Another bezel is the problem of developing businesses (banking loans) - sooner retirement implies higher bank availabilities as retired people don't use to save as much as younger do - then this renders usual loans tough to get so high educated people are better off outsourcing themselves in countries where their researches will be supported.
Is France any worse or better off than the US because of their early retirement and short hours?
Response to change is what's required to move the job market. We can't go back to WWII when manufacturing was at a height and it took so many people to get things made. We live in a different age and must adapt accordingly. Technology, information, sustainability/greening...three sectors where jobs could be growing.
This is a sad commentary on contempoary America.
> President Obama says that jobs will have a high priority over the next two years.

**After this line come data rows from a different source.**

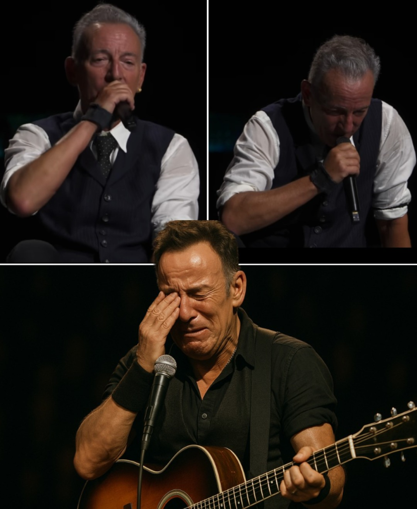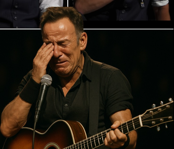 Bruce Springsteen, the man who’s spent half a century turning pain into poetry, stood center stage beneath a single beam of soft gold light. His guitar rested against his chest, his voice faltered for a moment, and then — he spoke.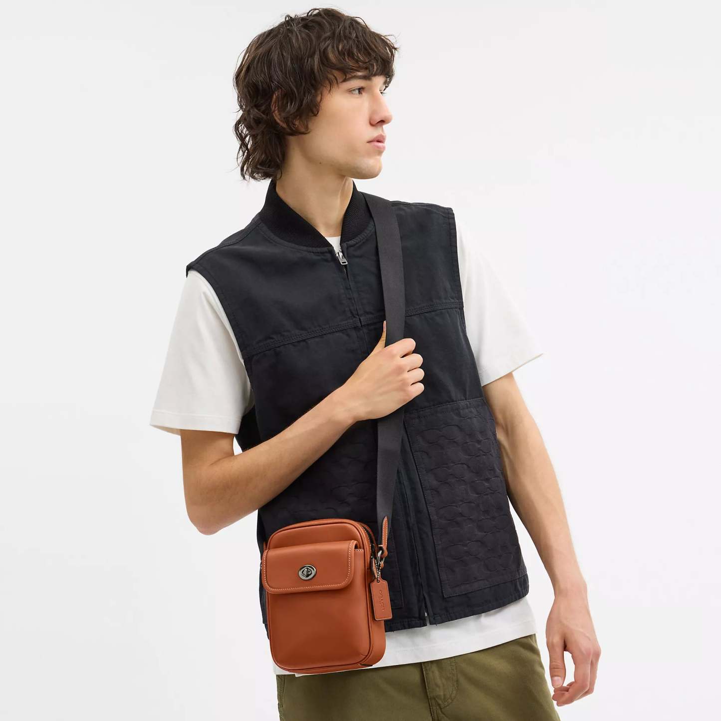 Smooth grain leather Inside multifunction pocket Zip closure fabric lining Outside turnlock and open pockets Adjustable strap with 28 drop for shoulder or crossbody wear 6 (L) x 8 (H) x 2 (W) Style No. CBI25 | Coach Outlet Turnlock Crossbody Bag - Beige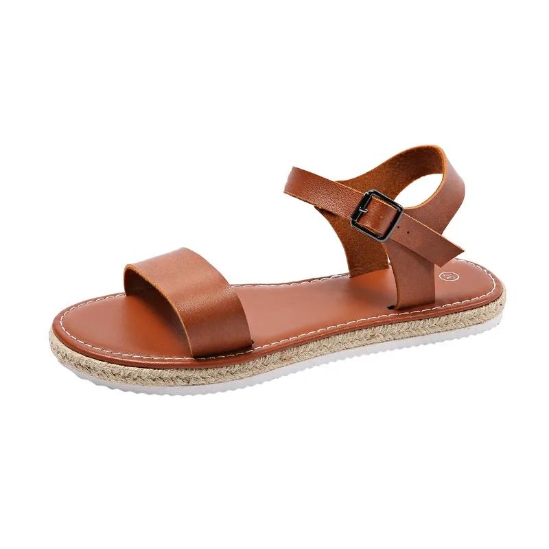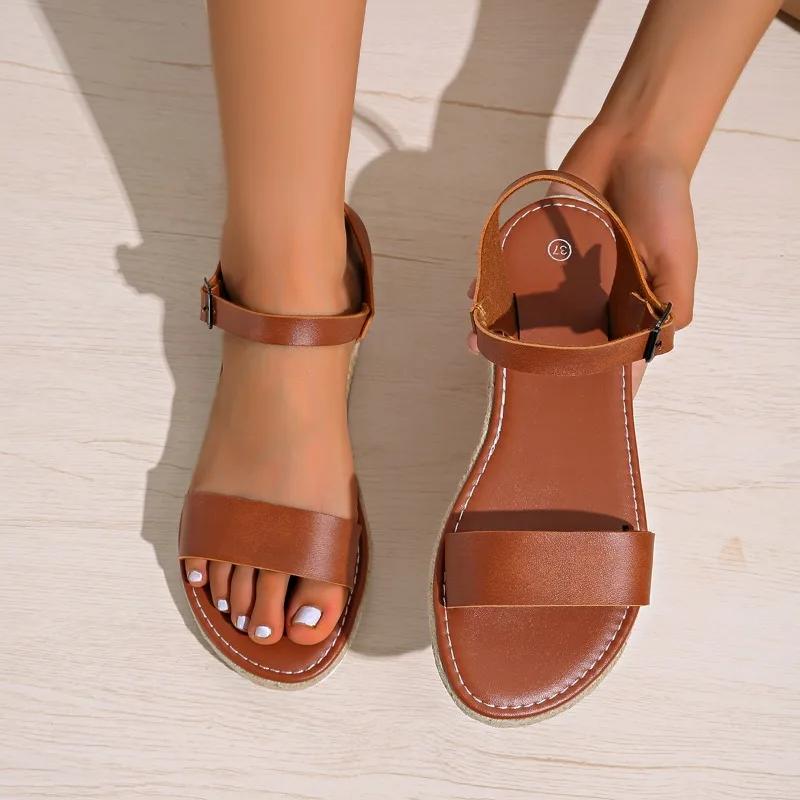 Обувь женская 2024 года, горячая распродажа, женские сандалии с ремешком на щиколотке, летние с открытым носком и пряжкой, однотонные, повседневные, пляжные, большого размера, сандалии
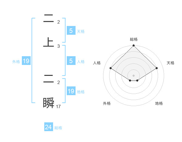二上 二瞬さんの天格は5画の4点!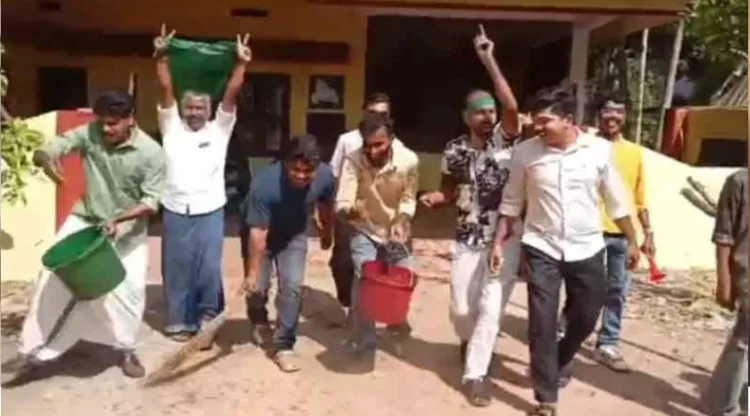 പട്ടികജാതിക്കാരനായ പ്രസിഡന്റ് ഭരിച്ച പഞ്ചായത്ത് ഓഫീസിന് മുന്നിൽ ചാണകവെള്ളം തളിച്ച് മുസ്ലീം ലീ​ഗ് പ്രവർത്തകർ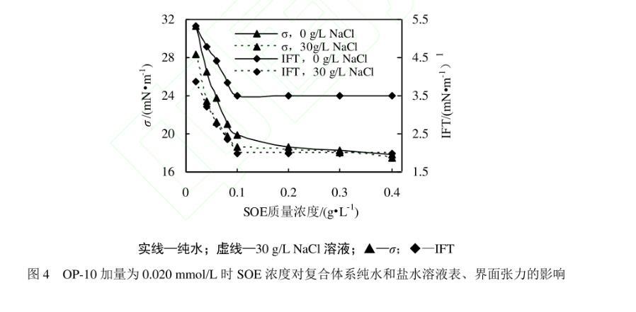 測試發現辛基酚聚氧乙烯醚-10(OP-10)在純水溶液中的ccmc為0.08 mmol/L(0.052 g/L),該濃度下溶液的表、界面張力分別為30.16 mN/m和5.68 mN/m;OP-10在30 g/L NaCl溶液中的ccmc為0.020 mmol/L(0.013 g/L),該濃度下溶液的表、界面張力分別為31.89 mN/m和8.61 mN/m。因此,選擇與SOE復合的OP-10的濃度為0.020 mmol/L。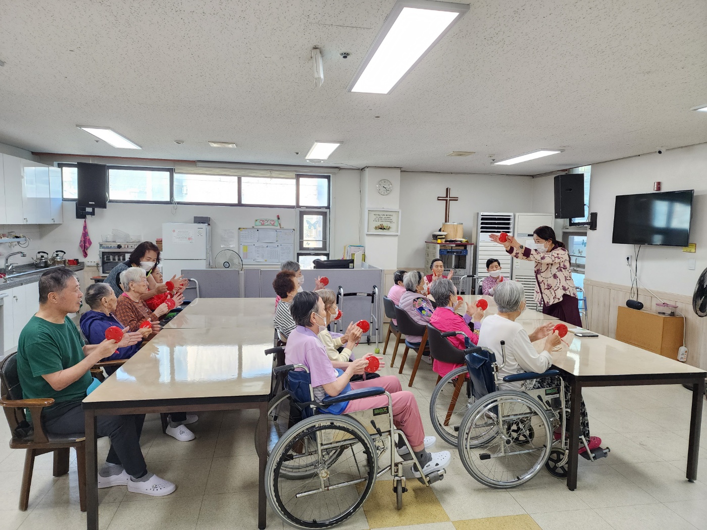 흥겨운 노래와 익숙한 가락에 절로 어깨를 들썩이며 즐거워하시는 음악 치료로 다양한 악기와 교구를 이용하여 진행한답니다~~

Who cares, Obama's priorities have a way of not getting done, and in fact, often the opposite happens ... and that's why he does not deserve any more support from Democrats ... or anyone else. Obama is 100% lie.
Yeah, bleedin' obvious, so what, since when is that any kind of metric for any kind of judgement? Our Presidents of late have been really good at making disclaimers as to why they cannot do anything for the people, but while they are talking our of one side of their mouth all kinds of things are being done for businesses ... whether or not those businesses are doing anything positive or not.
I think it would be better to look at both parties as the objects of attacks by all sides, foreign governments and corporations, domestic corporations, powerful private interests as well. The Republicans historically have been easier for these interests to infiltrate and take over, but the Democrats are a close second, remember there is no other game in town.
The trends are obvious, rich get richer with no signs or any control, responsibility to anything but themselves, and pretty soon the average people are written out of the system altogether. The fact that Obama went to a church that was very vocal about criticisms of the country, and then when he got into office he gave the left the finger does not in any way give a pass to his doing nothing but what the Republicans are supposedly letting him do.
Obama supporters just cannot see how bad this guy is, and now NOT a Democrat, or anything else he is. He is a clean cut minority guy who kept his image clean and was useful to the CIA ... at least that's my best guess where he came from.
This will be one of the worst times in history for young people to be starting out to find and pursue careers. I feel sorry for them for the mess their elders created.
Nothing will be done for them or for the 25 million who are unemployed and underemployed because the politicians are too busy representing the special interests who pay them the big bucks and who treat them like royalty.